» **Description of the task**:
The whole listing, except its pictures, is to be repeated exactly.

» **Data section**:
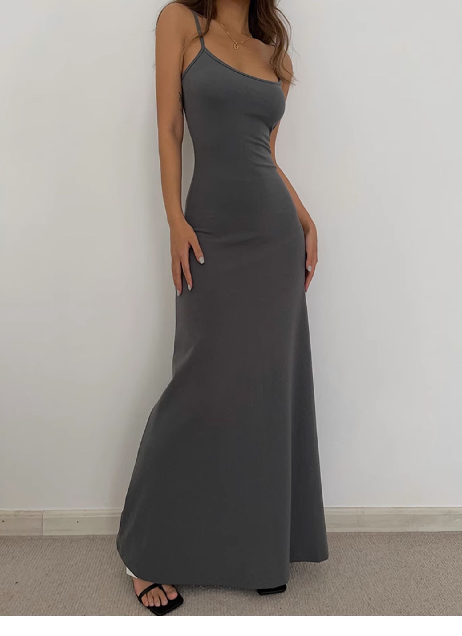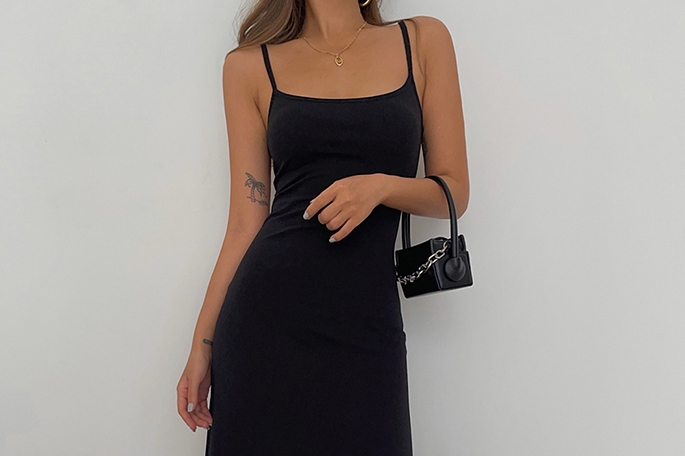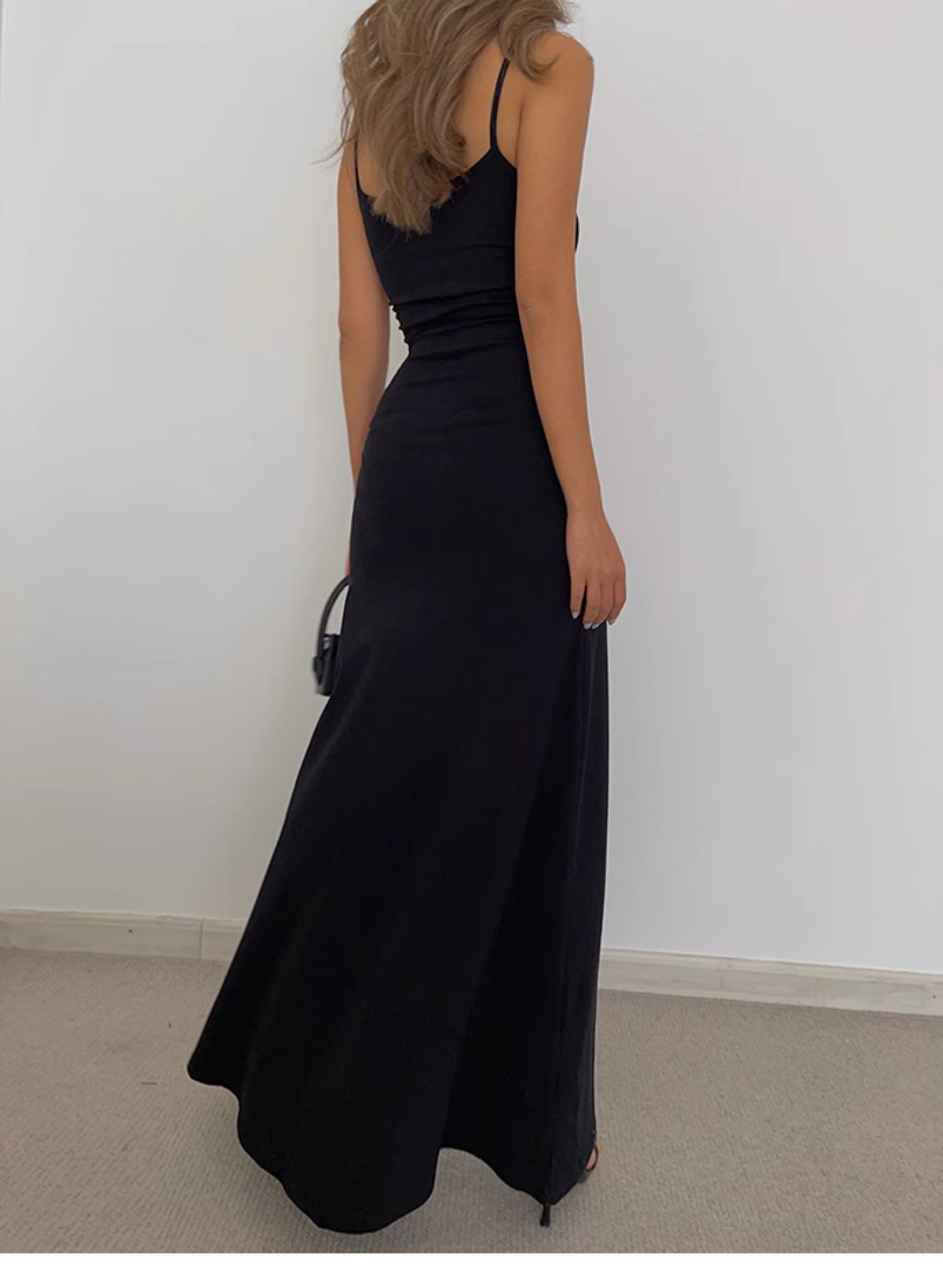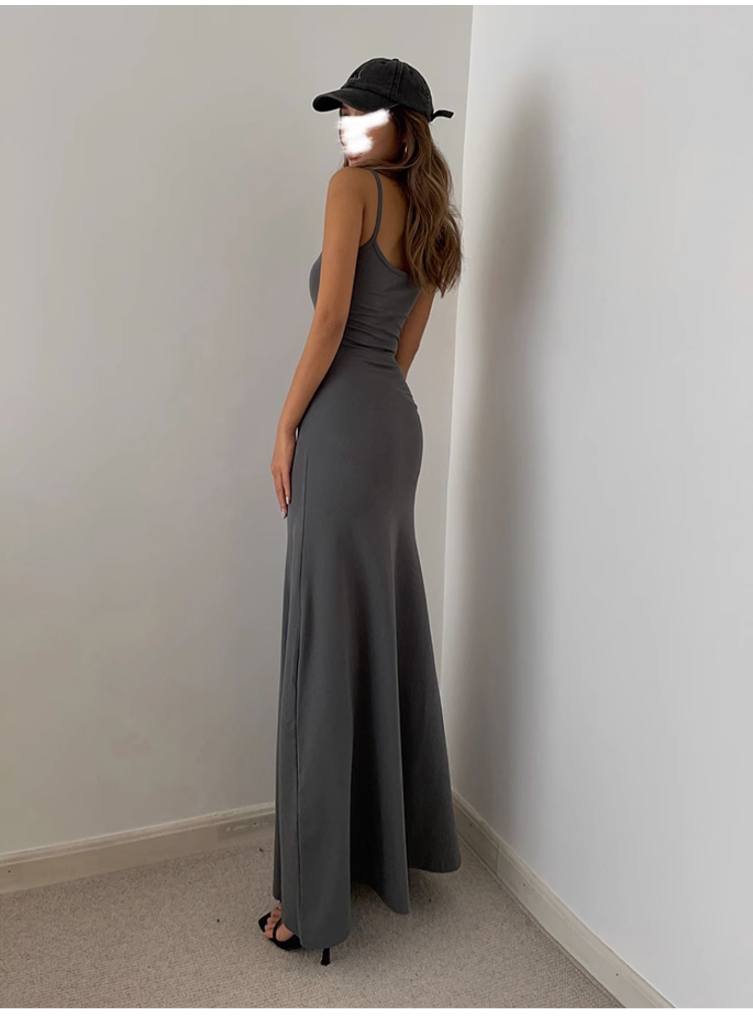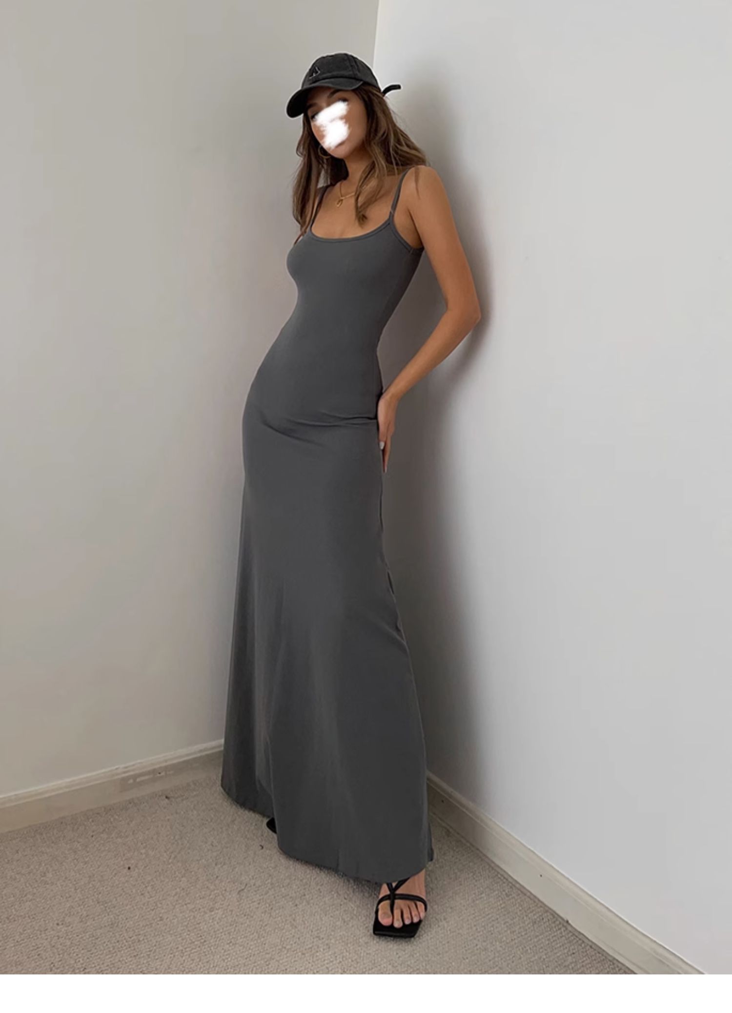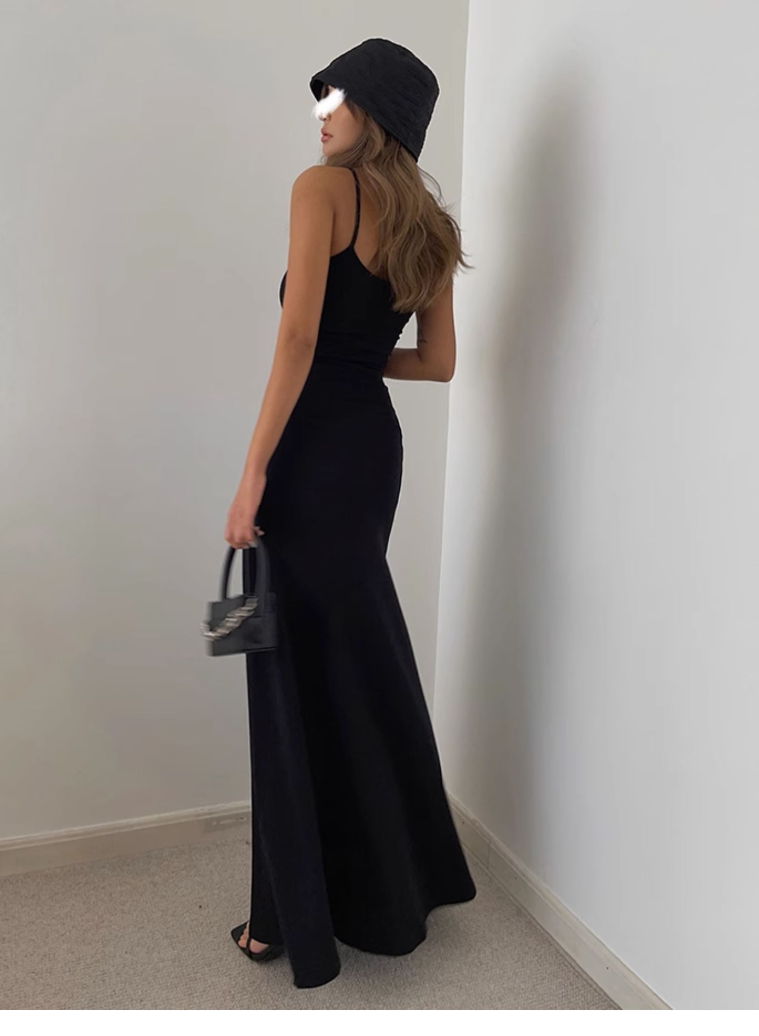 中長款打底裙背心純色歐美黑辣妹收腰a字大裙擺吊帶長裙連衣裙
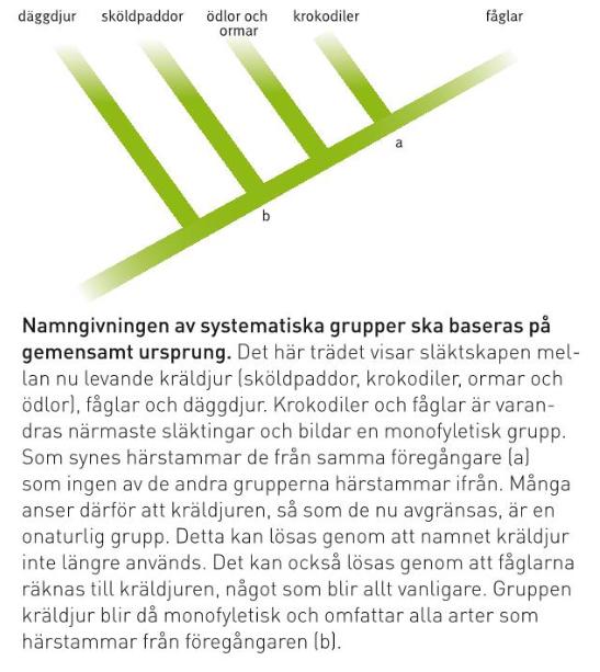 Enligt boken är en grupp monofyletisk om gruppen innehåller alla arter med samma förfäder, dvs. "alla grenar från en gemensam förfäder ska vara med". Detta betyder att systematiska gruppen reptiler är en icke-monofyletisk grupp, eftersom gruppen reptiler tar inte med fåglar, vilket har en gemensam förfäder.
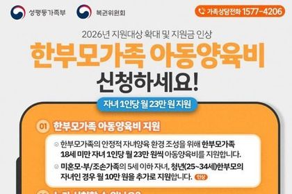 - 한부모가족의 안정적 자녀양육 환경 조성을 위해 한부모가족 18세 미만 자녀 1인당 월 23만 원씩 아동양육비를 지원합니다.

» **Solution**:
 中長款打底裙背心純色歐美黑辣妹收腰a字大裙擺吊帶長裙連衣裙
 Enligt boken är en grupp monofyletisk om gruppen innehåller alla arter med samma förfäder, dvs. "alla grenar från en gemensam förfäder ska vara med". Detta betyder att systematiska gruppen reptiler är en icke-monofyletisk grupp, eftersom gruppen reptiler tar inte med fåglar, vilket har en gemensam förfäder.
 - 한부모가족의 안정적 자녀양육 환경 조성을 위해 한부모가족 18세 미만 자녀 1인당 월 23만 원씩 아동양육비를 지원합니다.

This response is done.